WHAT TO WORK ON:
Print the lines in the listing below starting at the line with "he B-G Storage" and ending at the line with "Полицетримач для дерев'яних", both included. Reproduce them exactly and omit every picture.

INPUT MATERIAL:

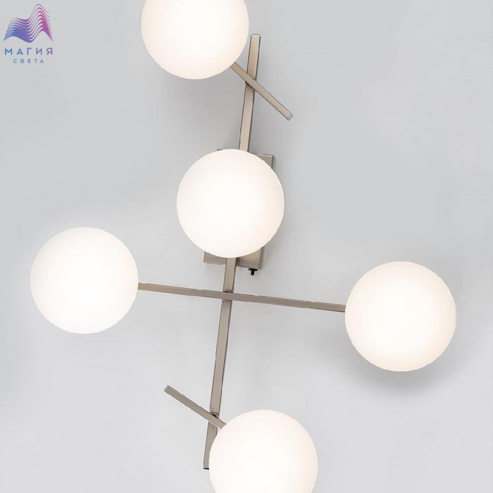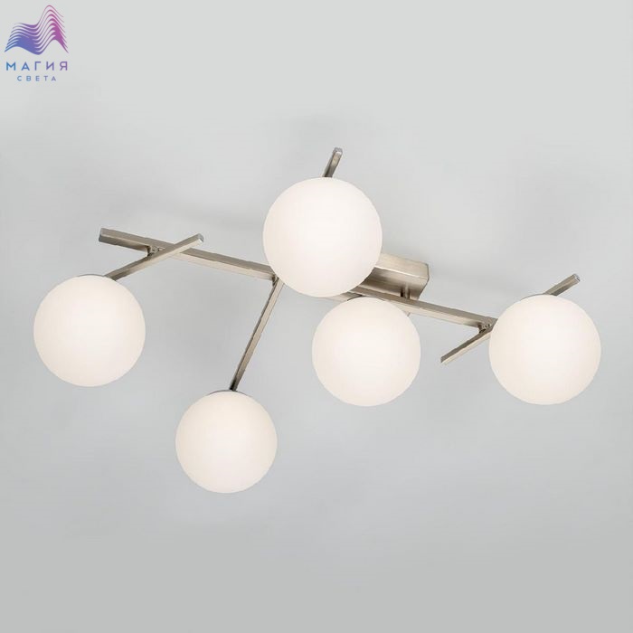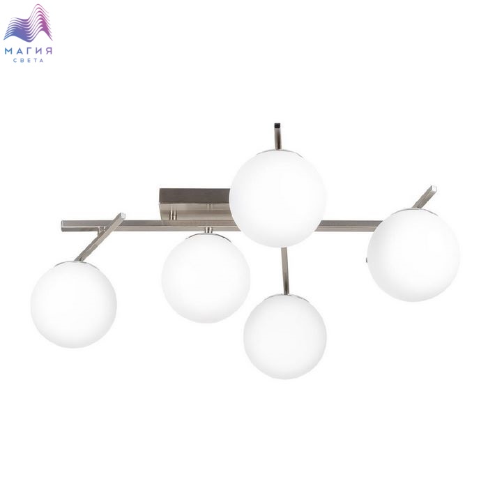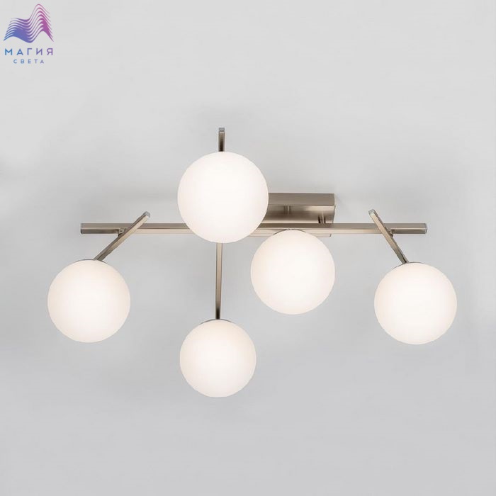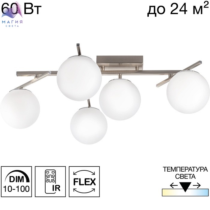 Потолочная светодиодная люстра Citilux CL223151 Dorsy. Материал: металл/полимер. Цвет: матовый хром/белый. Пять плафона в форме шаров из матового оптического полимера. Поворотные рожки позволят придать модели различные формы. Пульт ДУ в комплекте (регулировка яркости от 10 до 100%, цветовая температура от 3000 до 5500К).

==

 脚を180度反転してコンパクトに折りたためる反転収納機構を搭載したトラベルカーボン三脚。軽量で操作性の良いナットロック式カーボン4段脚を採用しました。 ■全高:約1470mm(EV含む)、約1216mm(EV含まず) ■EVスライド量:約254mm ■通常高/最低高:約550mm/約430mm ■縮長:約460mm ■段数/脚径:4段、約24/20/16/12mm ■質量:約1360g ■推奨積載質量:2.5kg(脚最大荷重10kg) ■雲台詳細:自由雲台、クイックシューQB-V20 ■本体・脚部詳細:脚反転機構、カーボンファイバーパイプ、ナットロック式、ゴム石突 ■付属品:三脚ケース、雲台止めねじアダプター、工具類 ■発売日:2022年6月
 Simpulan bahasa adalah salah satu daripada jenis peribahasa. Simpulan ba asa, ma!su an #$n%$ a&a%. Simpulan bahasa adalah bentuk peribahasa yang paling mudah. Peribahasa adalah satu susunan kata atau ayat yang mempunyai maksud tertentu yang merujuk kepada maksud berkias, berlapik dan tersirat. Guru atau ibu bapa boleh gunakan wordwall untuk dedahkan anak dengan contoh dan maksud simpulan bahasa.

...

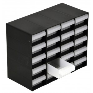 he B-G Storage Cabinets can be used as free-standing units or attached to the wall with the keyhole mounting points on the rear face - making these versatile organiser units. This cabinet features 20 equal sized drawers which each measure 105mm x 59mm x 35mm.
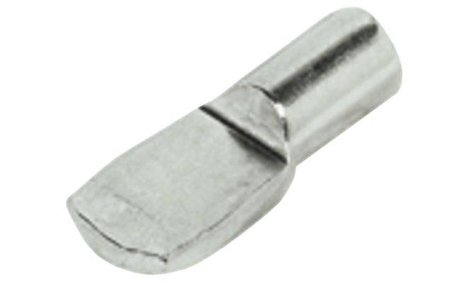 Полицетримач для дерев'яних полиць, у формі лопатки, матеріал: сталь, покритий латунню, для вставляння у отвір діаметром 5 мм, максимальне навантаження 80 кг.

YOUR RESPONSE:
 he B-G Storage Cabinets can be used as free-standing units or attached to the wall with the keyhole mounting points on the rear face - making these versatile organiser units. This cabinet features 20 equal sized drawers which each measure 105mm x 59mm x 35mm.
 Полицетримач для дерев'яних полиць, у формі лопатки, матеріал: сталь, покритий латунню, для вставляння у отвір діаметром 5 мм, максимальне навантаження 80 кг.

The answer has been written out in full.